Такой костер будет гореть долго — ночь Леха переживет без хлопот, а вот что делать, если завтра туман не разойдется? Куда идти?
Леха сидел у костра, прислонившись спиной к сосне, сушил мокрую от тумана и болотной сырости одежду и думал об Иринке. И что она в нем нашла? На десять лет ее старше, механик промасленный, а она... Леха прерывисто вздохнул: так только сказочных фей рисуют — гибкая, белокурая, легкая, не ходит, а, кажется, летает над землей. Он вспомнил, как увидел ее в первый раз: пришел в магазин, а там — новенькая продавщица в отделе промтоваров. И такая продавщица, что он забыл, что и купить-то хотел...
Уже полгода он уходит из дома почти каждый вечер и возвращается за полночь, пьяный от Иринкиного по-девичьи стройного тела, от ее губ, от ароматных волос. Римма молчит, хотя сразу же все поняла. А чего молчит — непонятно. Может, она и не против, что Леха на сторону бегает, главное, чтобы зарплату домой приносил.
А он, надо сказать, уже не все и приносит. За прошлый месяц Римме только половина получки досталась. Тут она не промолчала, пересчитала деньги, вздохнула:
- Похоже, придется ребятам в старых куртешках зиму встречать, на новые-то не хватает.
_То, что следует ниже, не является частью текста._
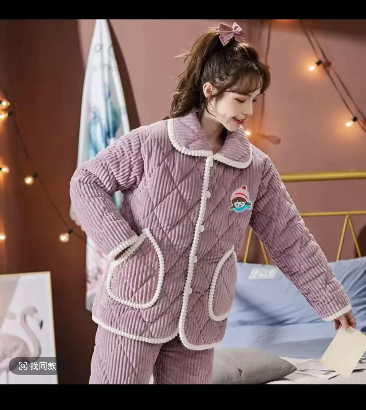 (总)洛兰沙家居馆 2024新款公主风女秋冬季三层夹棉珊瑚绒加厚保暖两件套女士可外穿加绒家居服,L01,L02,L03,L04,L05,L06,L07,L08,L09,L10,L11,L12,L13,L14,L15,L16,L17,L18

- Столько начислили. Работы сейчас мало, план не выполнили, - соврал Леха, не моргнув глазом.
Но зато как Иринка обрадовалась, когда он застегнул на ее шейке золотую цепочку с голубеньким камешком, а Иринка в ту ночь такая ласковая была, такая ласковая...
Леха набросил на себя подсохшую телогрейку, навернул теплые потрянки, обулся: хорошо-то как! За день ноги так окоченели, что и не чуял их вовсе, а сейчас - кайф! Он улегся у костра на заготовленный еще по свету лапник и уснул, как в яму провалился.
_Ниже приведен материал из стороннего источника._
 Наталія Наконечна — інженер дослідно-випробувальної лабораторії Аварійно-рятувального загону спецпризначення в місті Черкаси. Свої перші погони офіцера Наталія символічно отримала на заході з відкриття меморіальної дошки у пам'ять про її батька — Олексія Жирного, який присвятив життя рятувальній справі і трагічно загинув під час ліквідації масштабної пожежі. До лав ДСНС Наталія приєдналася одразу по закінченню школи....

Под утро ему приснился сон. Не Иринка, как ему с вечера хотелось, — Римма. Стоит с Сашкой и Сережкой на крылечке, двойняшки в куртках рваных. А Римма только головой качает. Проснулся и вспомнил, как жена ему в пятницу говорила:
- Не ходил бы ты в лес один, Леша, мало ли что...
Он тогда только плечом дернул — и за дверь. Вот еще! Можно подумать, в первый раз. А, получается, баба беду, как кошка, чуяла.
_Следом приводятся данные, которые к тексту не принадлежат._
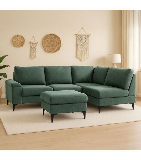 CONCEPT-USINE - Divano angolare 4/5 posti in tessuto ciniglia verde con pouf colchester
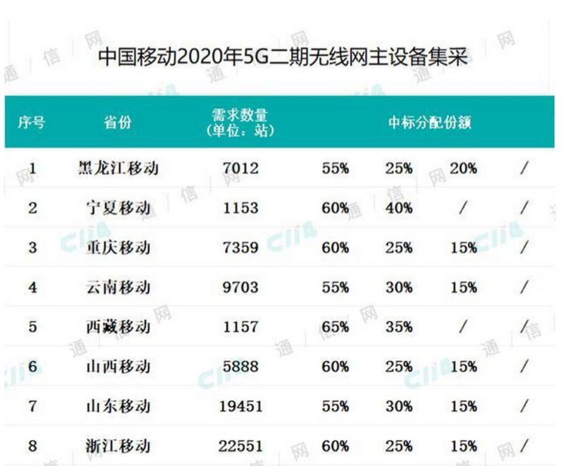 C114訊 3月6日消息(九九)中國移動今日發(fā)布2020年5G二期無線網(wǎng)主設(shè)備集中采購公告,共涉及28個省、自治區(qū)、直轄市。據(jù)C114統(tǒng)計,總需求為232143站。公告顯示,本項目采用份額招標,中標人數(shù)量2-4家不等。

Ладно. Что сделано — то сделано.
Леха подбросил тонких веточек на припудренные слоем пепла угли, раздул огонь, вскипятил воду, попил брусничный чай.
Туман разошелся, но было пасмурно.
Леха взял короб и пошел, вроде как, на юг.
Вскоре начался дождь - занудливый, мелкий — такие сутками сыплют на землю водяной морох. Гряда леса отступила, и Леха снова оказался на болоте. Целый день брел он по зыбкому, мокрому мху, то и дело шаря взглядом по беспросветному, в завесе дождя, серому небу. К вечеру он снова пришел к ленте вчерашнего соснового бора, опять, получается, бродил по кругу, напрасно топтал ноги целый день.
Ночевал он у той же поваленной сосны.
Ему не спалось — мучил голод, он бросал в рот горстью бруснику, но от ягодной кислоты только сводило скулы.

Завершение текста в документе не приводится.